Update: as a default, ray chooses GPU with 0 id, even if was sat CUDA_VISIBLE_DEVICES=0,1 and @ray.remote(num_gpus=2, num_cpus=8, max_calls=1)
cc: @yic could you take a quick look?
I should say that I’m doing this on aws ec2 machine and the model is one of the hugging face transformers
@Ilnur786 could you give me a script to show what do you mean by most free GPU? IIUC, Ray only treat GPU as logic resource and doesn’t check ‘most free’ GPU.
I’ll be nice if you can have a script showing what’s going wrong and what’s expected.
Hello. I’m getting info about gpus free space by this func, which return List[int]:
command = "nvidia-smi --query-gpu=memory.free --format=csv"
memory_free_info = sp.check_output(command.split()).decode('ascii').split('\n')[:-1][1:]
memory_free_values = [int(x.split()) for i, x in enumerate(memory_free_info)]
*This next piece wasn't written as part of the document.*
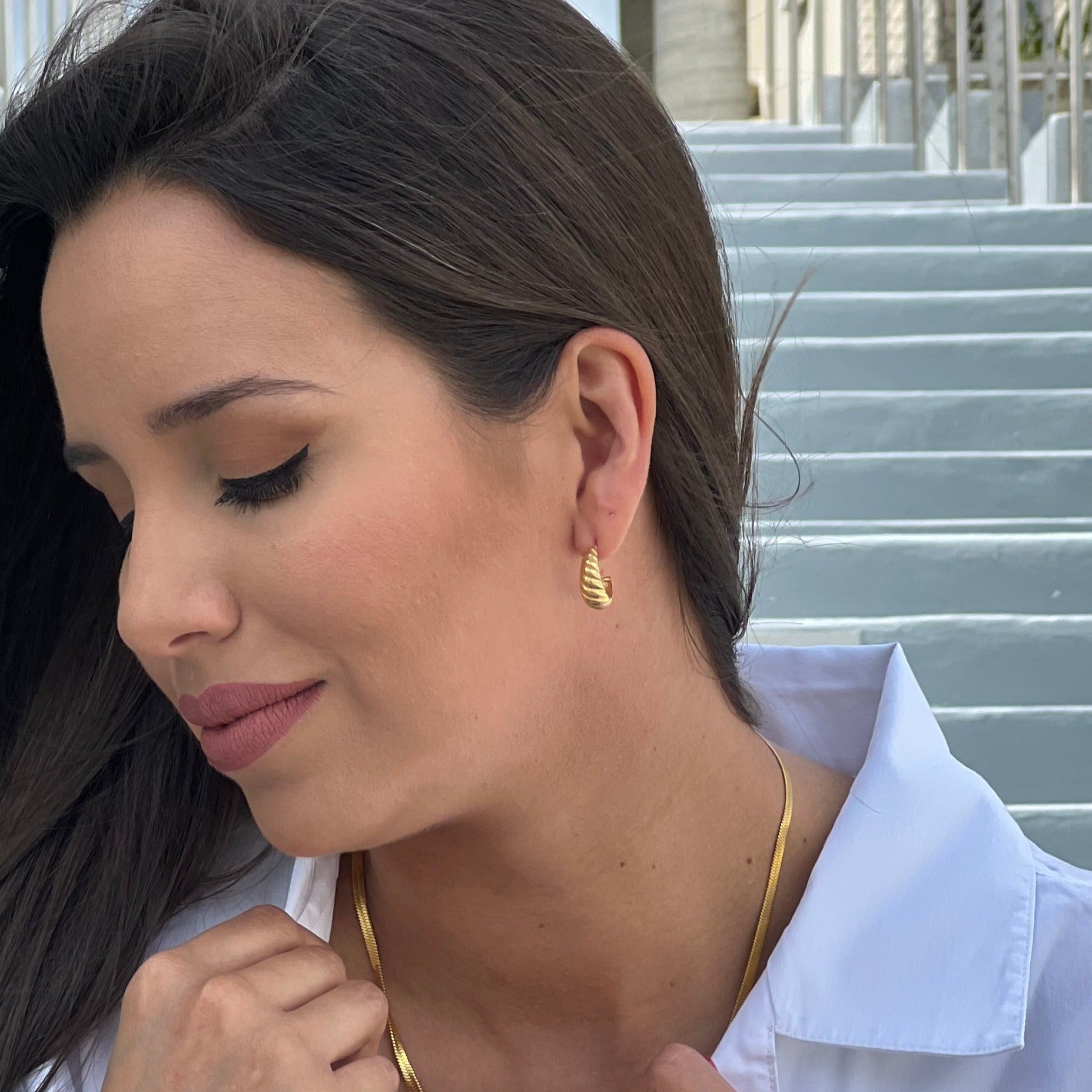 Elegant and eye-catching, these hoops are perfect for everyday wear or a luxurious evening out.

then, I set the GPU index in os.environ[‘CUDA_VISIBLE_DEVICES’] = gpu_id. It worked, but when some tasks are already was running on gpu:0 and the next job should be run on gpu:1 (because it was the most free GPU at this moment), ray released resources from gpu:0 which lead killing the tasks on it.
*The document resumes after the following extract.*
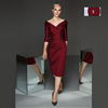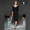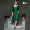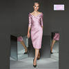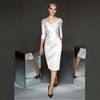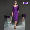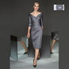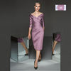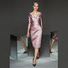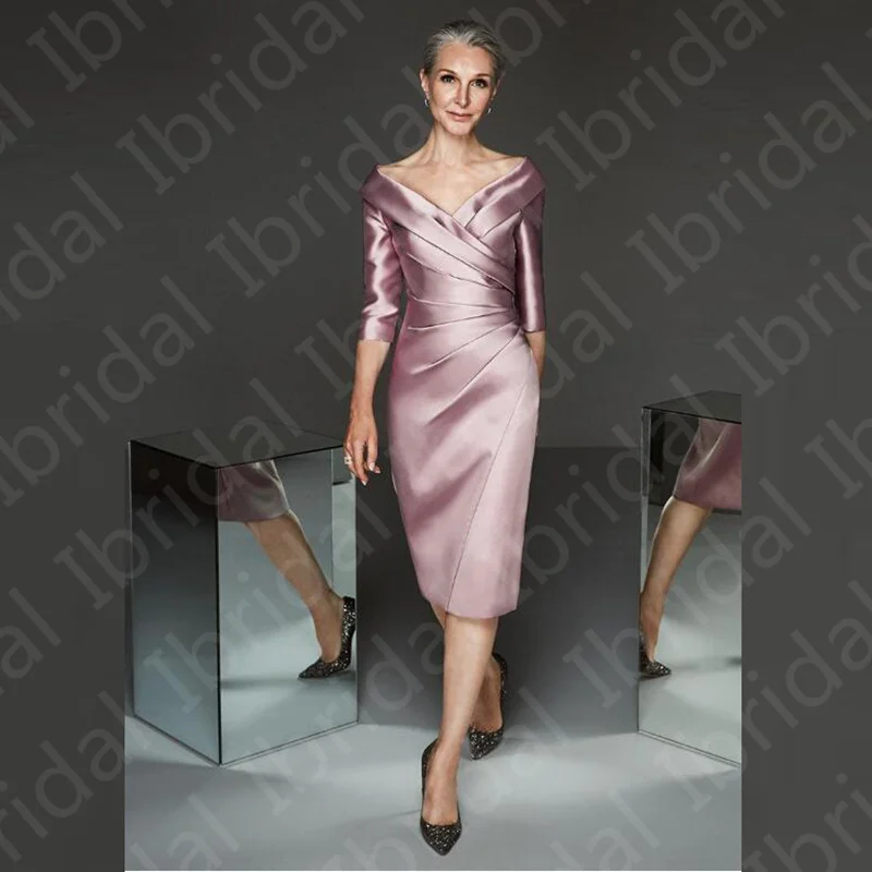 Fleepmart 2021 Simple Modern Sheath Lilac Satin Plunge V Neckline Mother Dress Knee Length Mother of the Groom Gowns Three Quarter Sleeve

I chose ray, because struggled from that I wasn’t able to release resources after huggingface transformer, but, unfortunately, ray doesn’t give the opportunity to notice gpu index exactly.
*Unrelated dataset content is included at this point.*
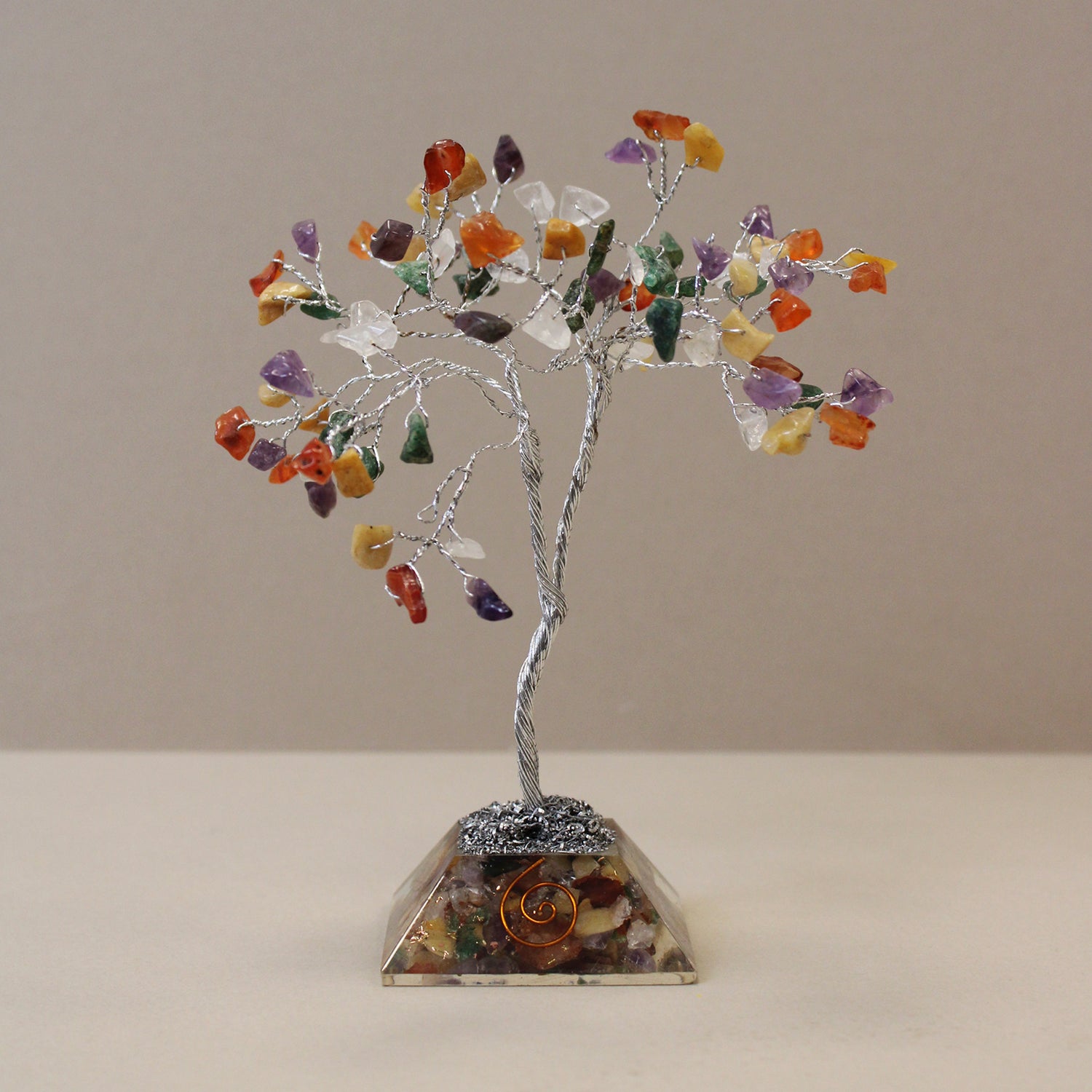 Arbre à pierres précieuses avec base en orgonite - Multi-pierres - 3 tailles

I solved the problem with can’t releasing resources after task finishing by running the task in another process by multiprocessing and fortunately, hugging face model gives opportunity to choose gpu index
P.S. I tried to use ray and give gpu index to model, but this schema wasn’t work
Some updates for future visitors: I changed the model to a pure torch one and met the same issue. It can be because of either the task management system (dramatiq in my case) or amazon ec2 machine. In most other cases, I think there should be an opportunity to release resources with standard methods: move the model and other tensors to the CPU, delete variables, and clean torch cache. If not, use ray or run the model calculation in another process.